# under the basking light



## John (Mar 15, 2011)

can people please post recorded tortoise temps taken while basking and then the ground temps under same light.it is my understanding that a tortoise sitting under a heat source being of greater mass than the surounding air and substrate can absorb and hold more heat.this is why a rock under the light can get hotter than the substrate.so if you take a reading of the substrate and it is 95 degree's,what is the temp of the tortoise and how long did it take him too reach that temp?if he needed too bask longer too achieve an optimal temp would he not benefit from the longer exposure too the uv?or is this exsposure detrimental?


----------



## Robert (Mar 15, 2011)

Interesting. 

If I can suggest, also indicate the height of the tortoise being measured. I'm interested to see the difference between a basking hatchling and an older tort. 
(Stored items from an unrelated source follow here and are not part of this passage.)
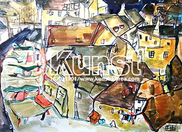 목동양천지사의 승빈이는 Kinder Museum수업을 하며 오스트리아의 표현주의 화가인 에곤쉴레의 삶과 작품세계를 배우며 크루마우의 풍경을 모작해 보았습니다. 연필스케치와 수채화로 원작보다 투명한 느낌으로 마을을 표현하였으며, 건물들의 자유로운 선과 형태를 잘 살려주었습니다. 목동양천지사_이승빈(10세)
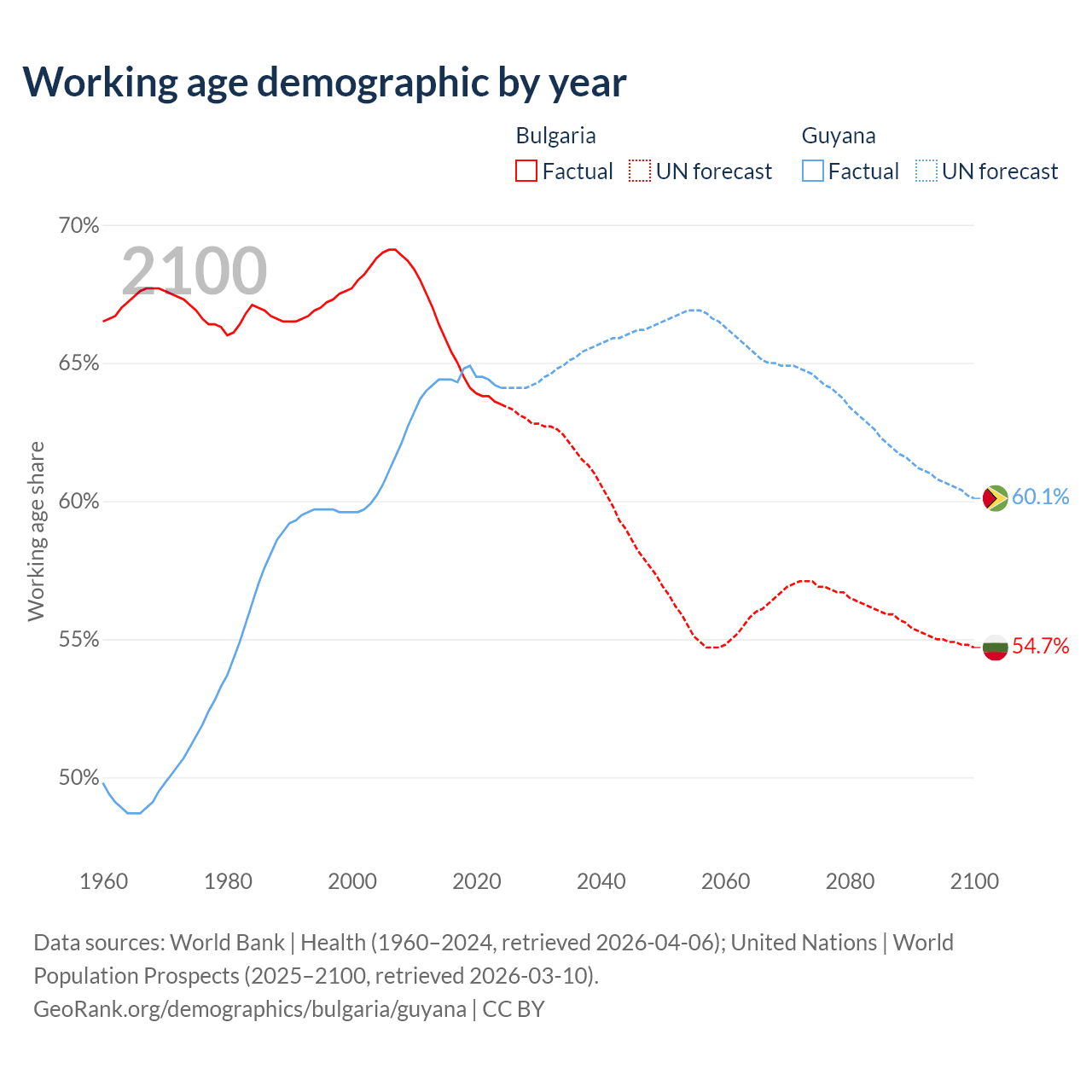 - Bulgaria has 4.04M working age adults (aged 15-64) vs 540K in Guyana.
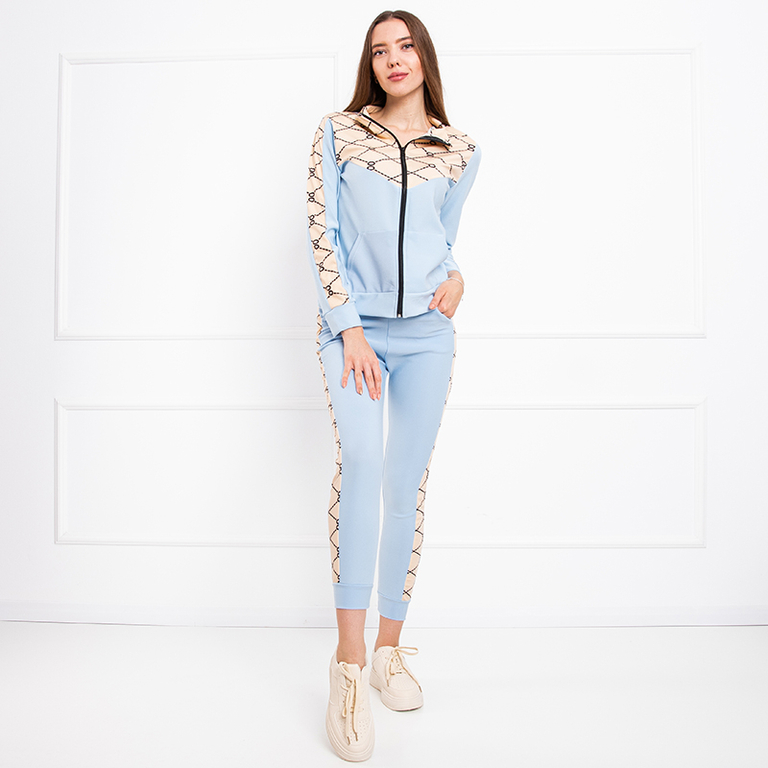 - Set sport pentru femei, cu pantaloni de trening și hanorac. Modelul este realizat dintr-o țesătură plăcută la atingere. Partea superioară a setului cu imprimare pe față, fără glugă, partea inferioară cu talie elastică și partea inferioară a picioarelor și
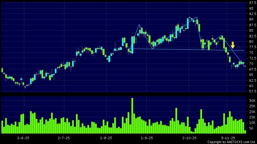 SUNNY OPTICAL(02382.HK)  -0.900 (-1.287%)    Short selling $101.83M; Ratio 19.767%   appears a downside breakout, dropped below the neckline. Last printed at 68.650; fell 1.858%; on volume of 3.35M shares and turnover of $230.68M
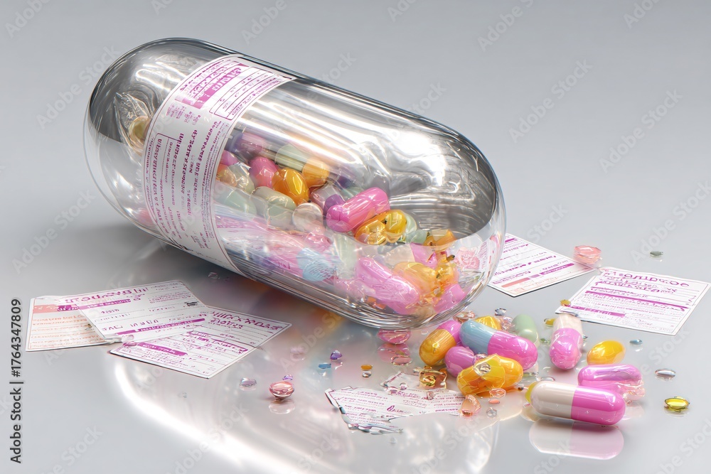 Surreal scene of a shattered piggy bank shaped like a pill capsule, spilling vibrant pills and coins onto a reflective white surface, with scattered insurance documents around, representing the #1764347809
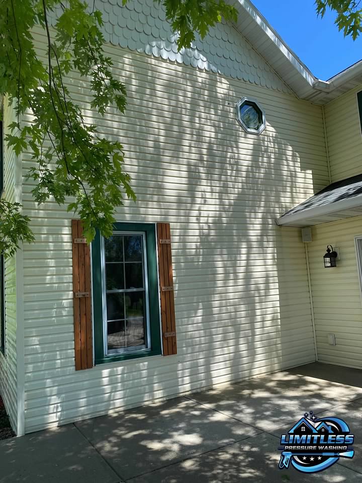 We just wrapped up a house washing project in Evansville, WI, and the result was amazing! This home had built up layers of dirt, algae, and mildew over time, leaving the siding looking dull and discolored. Using our gentle soft washing technique, we safely removed all the grime, restoring the home’s exterior to a fresh, like-new appearance—without causing any damage.
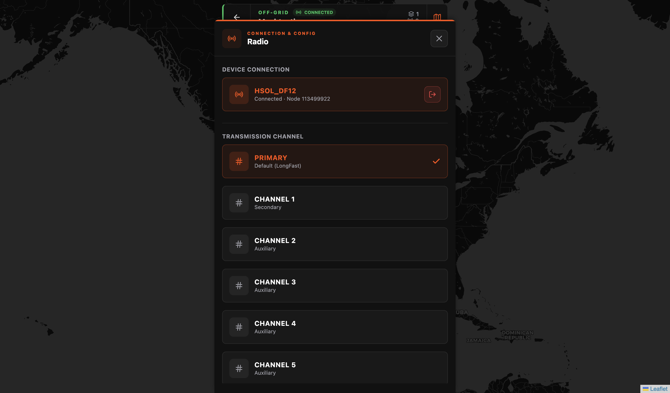 The workflow is: configure your channels and encryption in the Meshtastic app first. Then open Flaresat, select the channel, and start mapping.
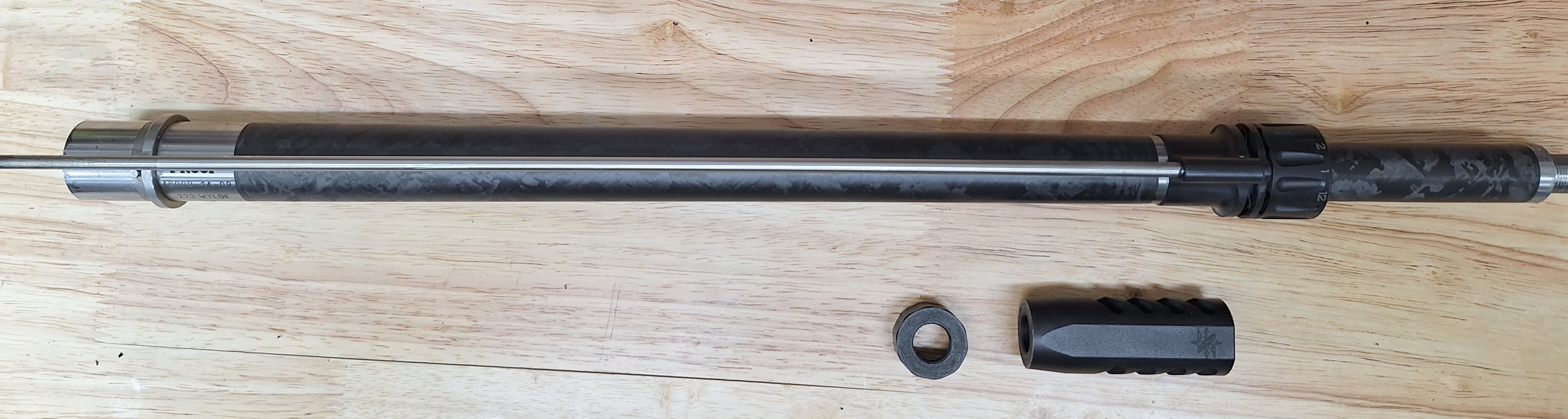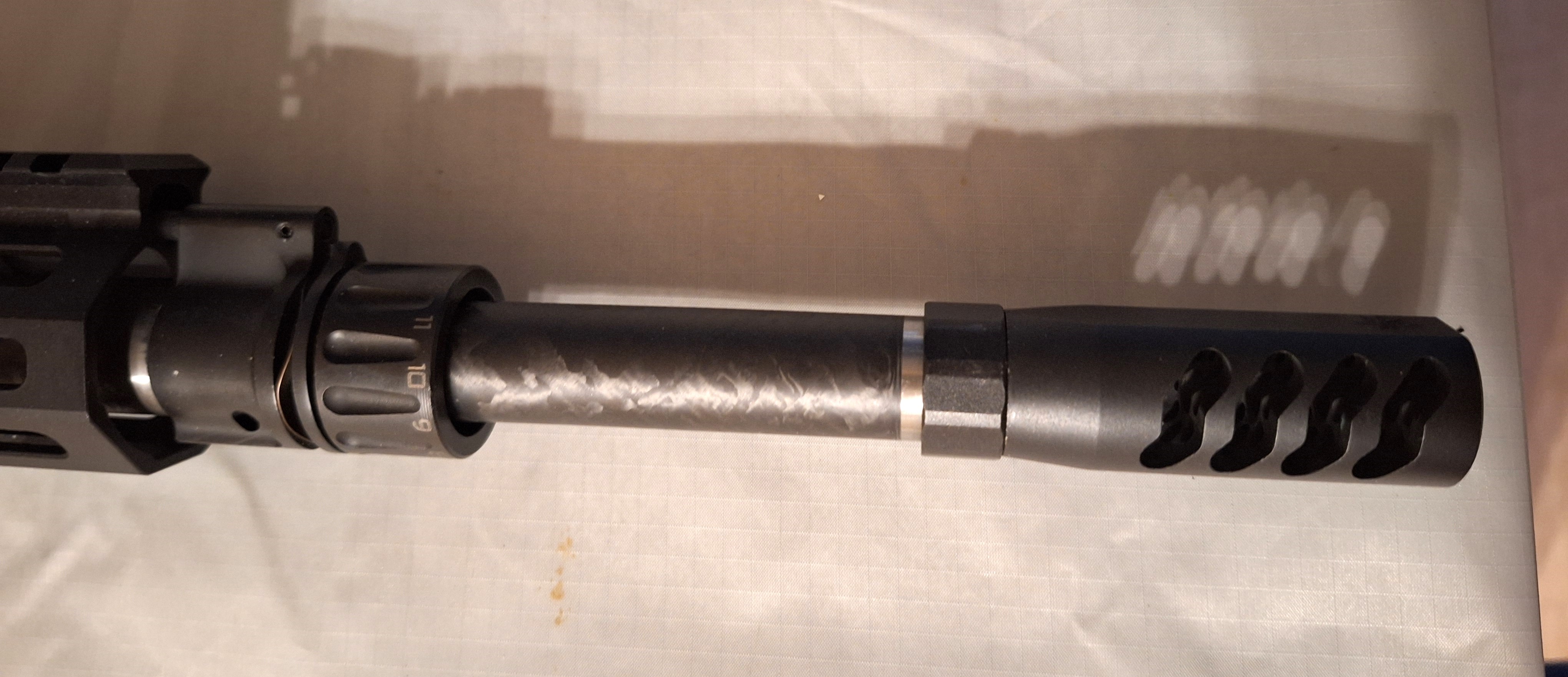 I am thinning out some stuff due to age and just too many things.18" Proof Research Carbon Fiber bbl(Rifle length gas port), 1 in 8 7twist with Wylde chamber.Riflespeed adj gas block,and Seekins . brake. The barrel has no more than 200 rds of slow fire thru it. It is very accurate as You would expect and soft shooting.The barrel has some scratches on the exposed steel from removing/installing I have been on the Hide for over 10 years and have over 180 A+ rating on Gunbroker. $475 plus $25 for insured shipping. You are welcome to pick it up in NW Columbus Oh. I removed the Colt upper and hand-guard to cut the cost. (SOLD to Jon)
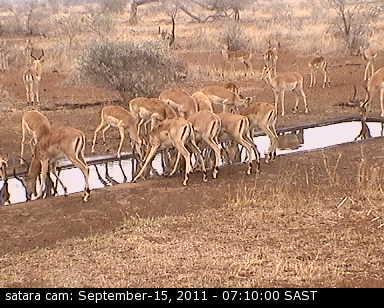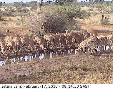 Neben den beiden Kameras im Kruger National Park, die in den Camps Satara und Orpen am Wasserloch stationiert sind,gibt es auch noch eine Kamera im Addo National Park. Eine weitere befindet sich im Nossob Camp im Kagalagadi Tranfrontier National Park in der Kalahari. Somit hat man immer vier Wasserlöcher auf einmal im Blick.

Will follow up with these readings a bit later.


----------



## CtTortoiseMom (Mar 15, 2011)

Okay I tried to take pics but do not have enough hands. She measures just under 6 inches from bottom of carapace to highest part of her dome. She woke up at 76 degrees and after 30 minutes of eating and basking her temp was reading 86 on the top of her carapace which was directly under the light and 77 degrees on her side and lower back of carapace. She is still basking but I have to leave. I am going to try and measure her temps every 10 minutes and also log the frequency and duration of each time she bask's. It will be interesting to compare it to what she does outside.


----------